━━━ INPUT ━━━

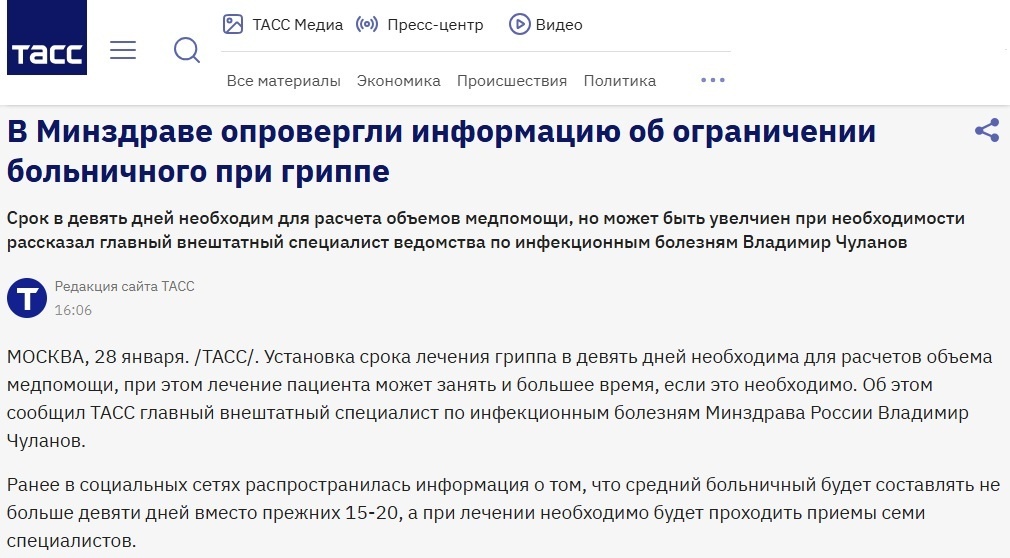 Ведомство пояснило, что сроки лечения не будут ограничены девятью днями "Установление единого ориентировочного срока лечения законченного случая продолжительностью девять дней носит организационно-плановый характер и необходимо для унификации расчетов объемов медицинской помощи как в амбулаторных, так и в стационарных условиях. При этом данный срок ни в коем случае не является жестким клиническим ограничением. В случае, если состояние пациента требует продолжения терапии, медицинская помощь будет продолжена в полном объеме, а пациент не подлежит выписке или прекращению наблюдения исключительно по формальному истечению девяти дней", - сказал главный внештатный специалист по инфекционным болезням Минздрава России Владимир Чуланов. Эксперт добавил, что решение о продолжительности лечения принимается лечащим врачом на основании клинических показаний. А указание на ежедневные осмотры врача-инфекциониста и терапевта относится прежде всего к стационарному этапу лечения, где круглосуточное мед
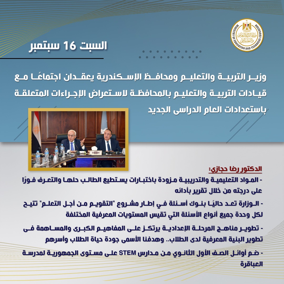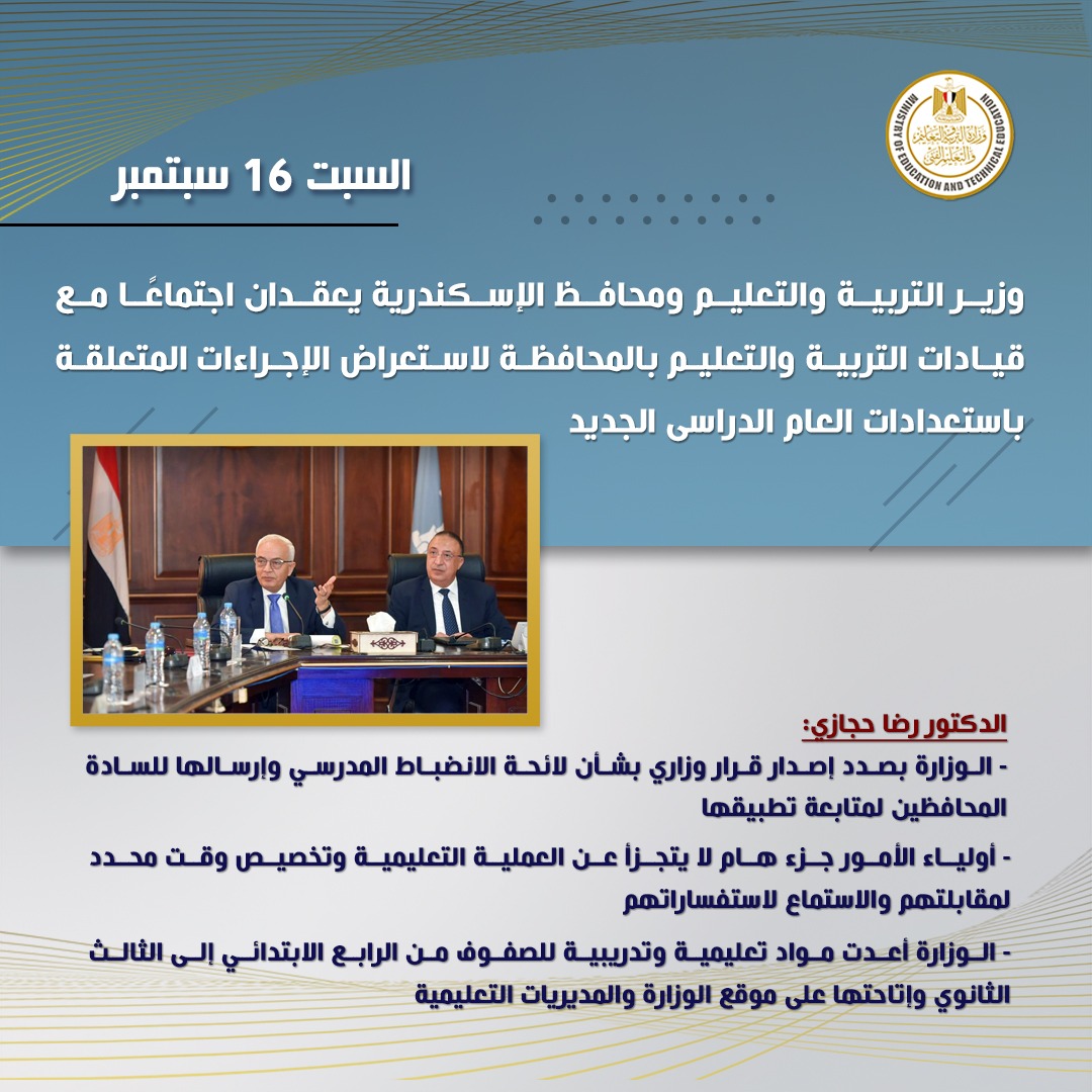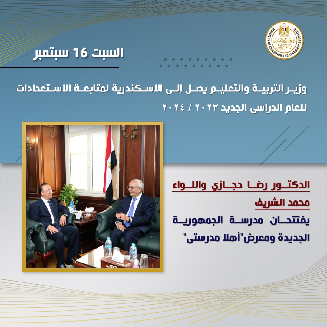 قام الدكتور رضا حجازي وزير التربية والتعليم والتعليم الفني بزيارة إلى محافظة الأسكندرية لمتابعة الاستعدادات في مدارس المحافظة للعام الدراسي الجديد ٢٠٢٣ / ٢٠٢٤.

━━━
━━━ INPUT ━━━

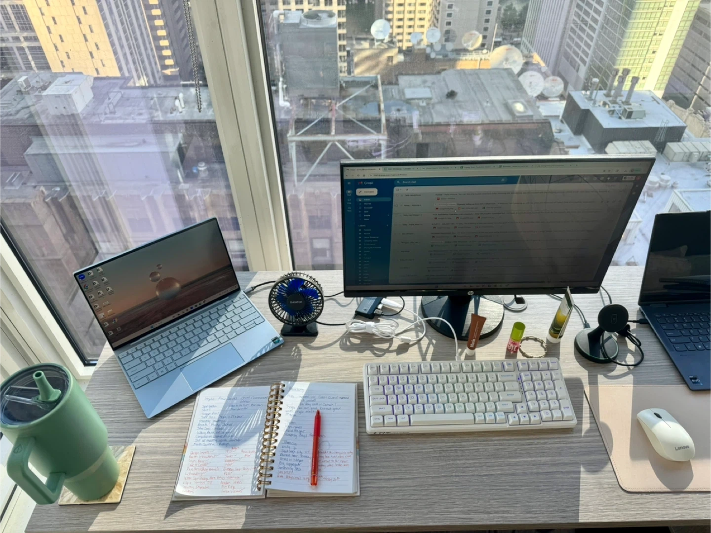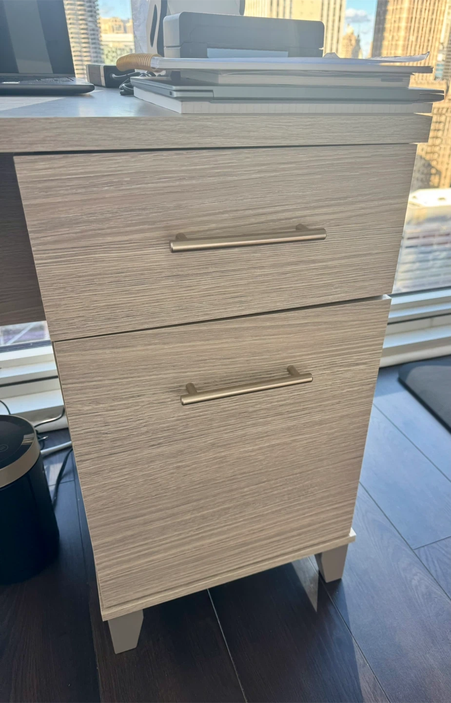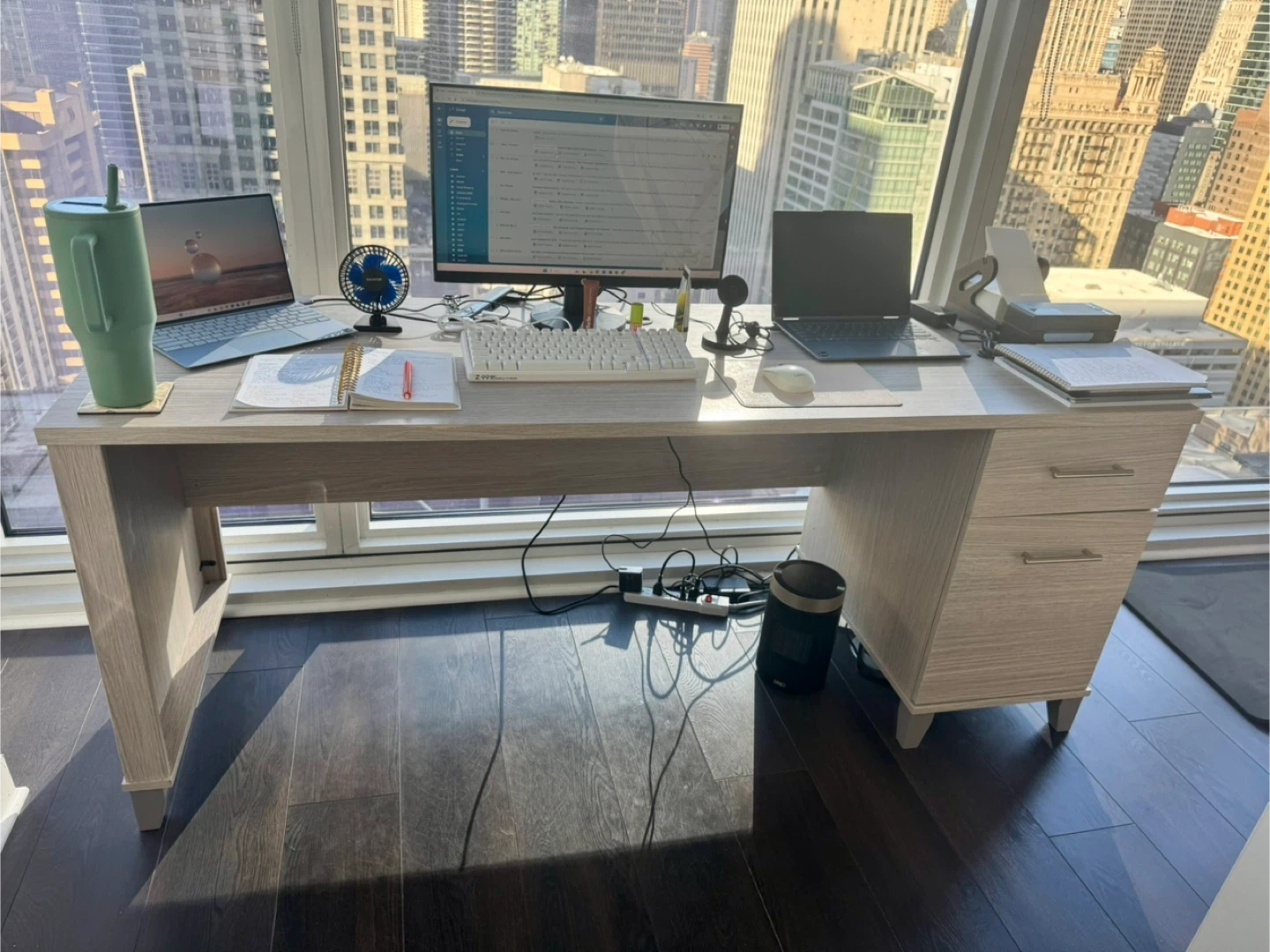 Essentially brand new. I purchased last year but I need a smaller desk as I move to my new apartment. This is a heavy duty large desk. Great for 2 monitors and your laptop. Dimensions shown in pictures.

━━━
━━━ INPUT ━━━

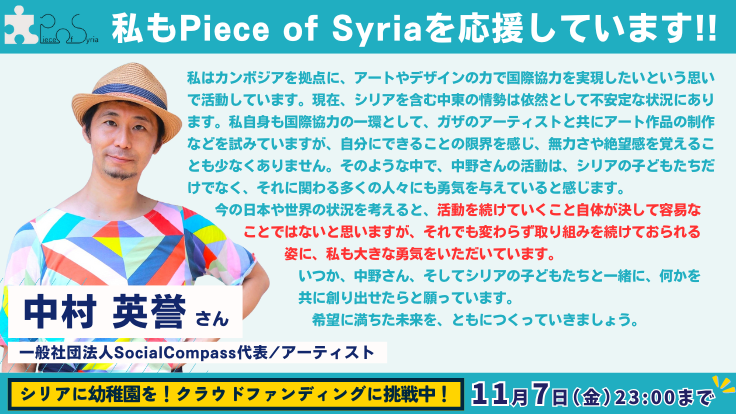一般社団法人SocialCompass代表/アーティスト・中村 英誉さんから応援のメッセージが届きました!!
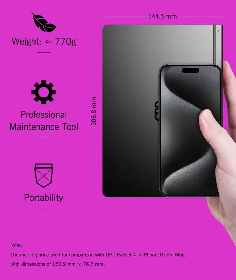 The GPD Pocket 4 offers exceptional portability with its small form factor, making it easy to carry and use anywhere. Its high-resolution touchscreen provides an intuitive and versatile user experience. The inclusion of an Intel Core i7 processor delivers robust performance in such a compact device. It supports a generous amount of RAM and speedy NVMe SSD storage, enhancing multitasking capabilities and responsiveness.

━━━

(WORK TASK)
In the data above, find the line containing "一般社団法人SocialCo" and the line containing "The GPD Pocket". Repeat those two lines and everything between them exactly, minus the pictures.

(ANSWER TO THE EXERCISE)
一般社団法人SocialCompass代表/アーティスト・中村 英誉さんから応援のメッセージが届きました!!
 The GPD Pocket 4 offers exceptional portability with its small form factor, making it easy to carry and use anywhere. Its high-resolution touchscreen provides an intuitive and versatile user experience. The inclusion of an Intel Core i7 processor delivers robust performance in such a compact device. It supports a generous amount of RAM and speedy NVMe SSD storage, enhancing multitasking capabilities and responsiveness.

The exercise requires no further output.